Back in September Jo Kwon shocked fans by leaving JYP Entertainment, his label of 16 years, and a few months later joined with Cube Entertainment. Now, Jo Kwon returns to music with his new label and a not-so-new image. As previously examined, there was concern from fans over Jo Kwon choosing to team up with Cube due to the their previous controversies with its treatment of previous and current artists. Jo kwon, however, disagreed and felt that Cube would help enact his vision perfectly, and it looks like that meant doing almost exactly what he did with his last musical project.
For his first step in his newest chapter, Jo Kwon doesn’t take any risks and plays it safe with another heartbreak ballad about a lost love in his digital single titled “Lonely.” There’s nothing terribly unique about this song or MV and it bares similarities to his last comeback single, but that’s not to say that it isn’t still beautiful and well done.
The MV opens with a black piano while Jo Kwon, angelically dressed all in white, is suddenly playing the piano beginning the song. Yu Seon-Ho, Jo Kwon’s fellow labelmate, stars in the MV as an set designer who innocently goes about his day working on a project which is later revealed to be the actual set that Jo Kwon is singing on.
The plot is simplistic and almost appears to be unrelated to the song but there are hints throughout, like sighs and frowns that give away the protagonist’s frustrations.
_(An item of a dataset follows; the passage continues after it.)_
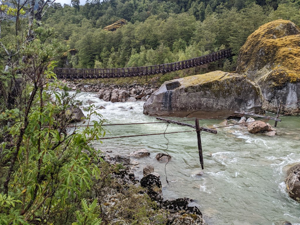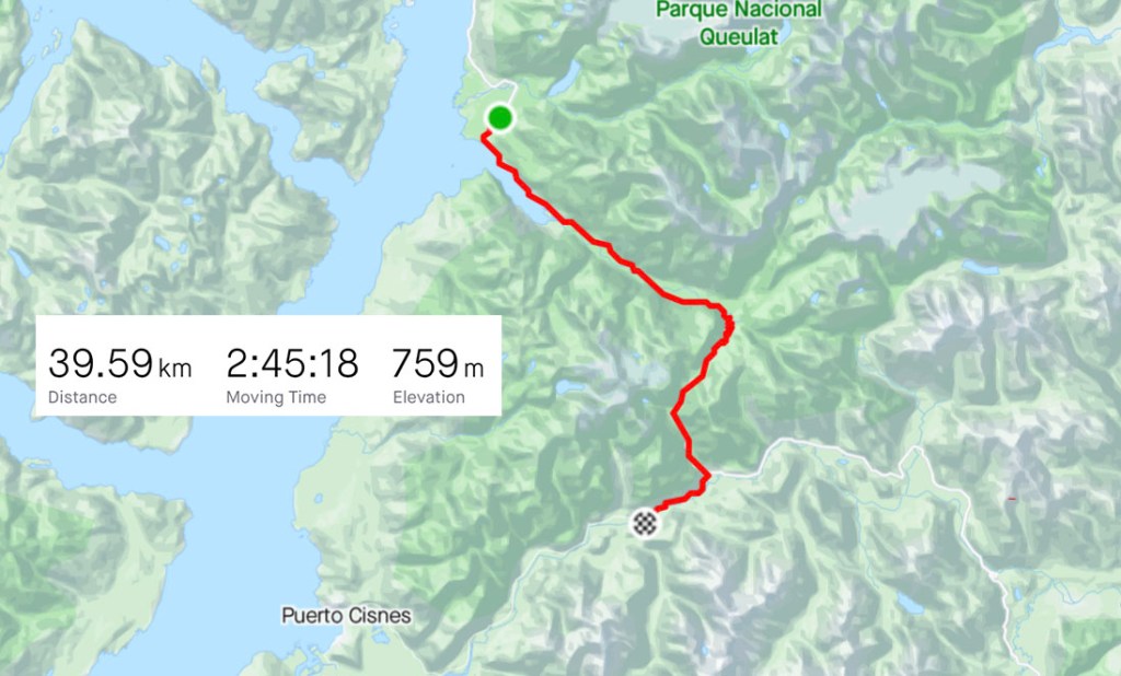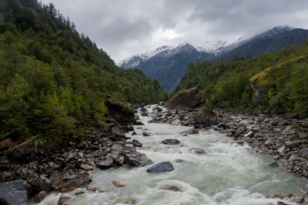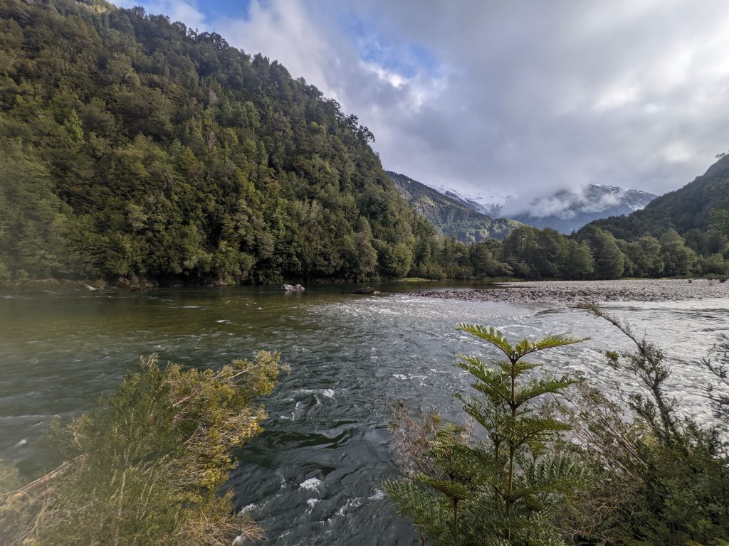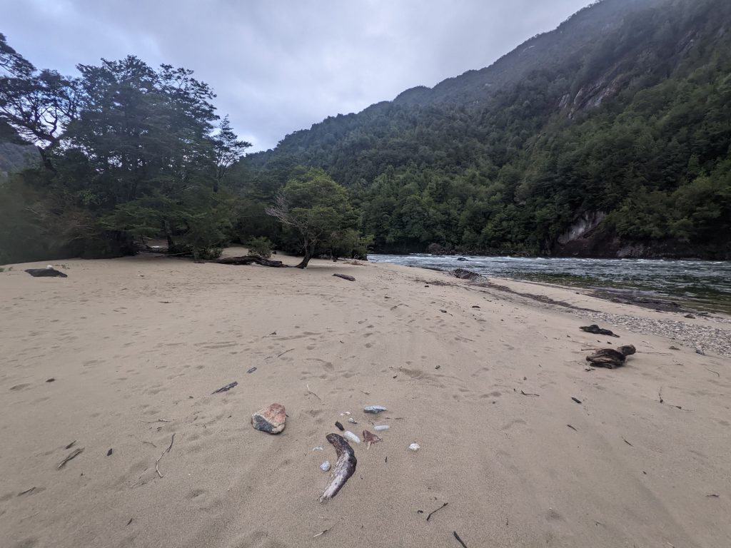 The next 130km along the Careterra looked particularly remote so I played it safe and headed towards Puerto Cisnes where I could restock on food. At this rate I would still be riding in the dark by the time I got there, I wasn’t keen on the idea as I was already soaked-through and cold. Following the cliffs down the valley I spotted a turn off that went down to the bank of the Río Cisnes. The clouds had lifted temporarily and I was greeted with sandy beach in the sun, cold green water flowing by and round a bend. A kingfisher flew by, wings almost touching the surface. There were patches of bushes and trees giving cover to soft ground, hidden from the road I set up camp. I went to explore the beach but the freezing rain came back so I set in for the night, put on layers of dry clothes and cooked a huge pot of lentils. Before it was fully dark I had lay down and fallen asleep, straight through for eleven hours.

One may think that he’s exhausted from his work but there are also indications of something deeper, like his struggle in choosing a book to read while getting lost in thought and a rose in a bell jar on his work place that’s similar to that of Disney’s Beauty and the Beast. The MV, even its purity, manages to subtly tell a story about heartbreak through these little clues.
Going along with the images in the video, the song starts off slow, and builds upon layers as Jo Kwon sings about missing someone who is no longer in his life:
As if I paint on a white canvas
I fill my empty heart with you
The morning glow is beautiful like you
I miss you who colored my heart
The analogy Jo Kwon uses regarding art parallels well with the MV’s plot as the protagonist is creating a set that doesn’t seem to satisfy him. It’s as if to say his creative process isn’t distracting him from the pain that he’s trying to hide. The imagery in the MV is a bit retro with items like typewriters, pencils, and books mixed along with other modern items. This affinity for the classics correlates with the lyrics in which the narrator is longing for the moments they were once together and therefore clinging to a time in the past.
The colors in the MV are soft browns and gray-blues that create a peaceful scene, but it also plays heavily with shadows. Both Jo Kwon and Yu Seon Ho are surrounded by darkness which emphasizes a loneliness and isolation to the viewer from the other characters in the scenes. There are touches of soft glows and it’s especially prominent when the protagonist observes a moon-like orb during the climax of the song, and it symbolizes the narrator’s search for splashes of light that remind him of his now-gone significant other. Once again, the MV is subtle but still artistically depicts it’s message of heartbreak.
Like “Crosswalk,” Jo Kwon’s newest single starts off slow with a piano opening. However, “Lonely” eventually leads to a chorus and adds more instrumentals to the height of ballad. The song beautifully evokes the heart-wrenching emotions of the lyrics, and Jo Kwon’s voice is as angelic as his image playing a piano on the heavenly set. He impressively carries the song up with a vibrato, and tapers it down again back down to the line again:
Are you living happily?
The song is depressing in that there is no happy ending, and the narrator is only left wondering how his previous love is now living. The MV perfectly captures that sense of longing and frustration through a basic plot and the use of lighting.
It’s clear Jo Kwon vision for himself is in keeping his music similar to what he last did with JYP, and it definitely works for him. He may not be reinventing himself with guns blazing and diving into unknown territories but rather takes it back to his 2AM days effectively establishing himself as a crooner of romantically tragic ballads. Both the song and MV are beautifully done, and a great first step for Jo Kwon with his new label.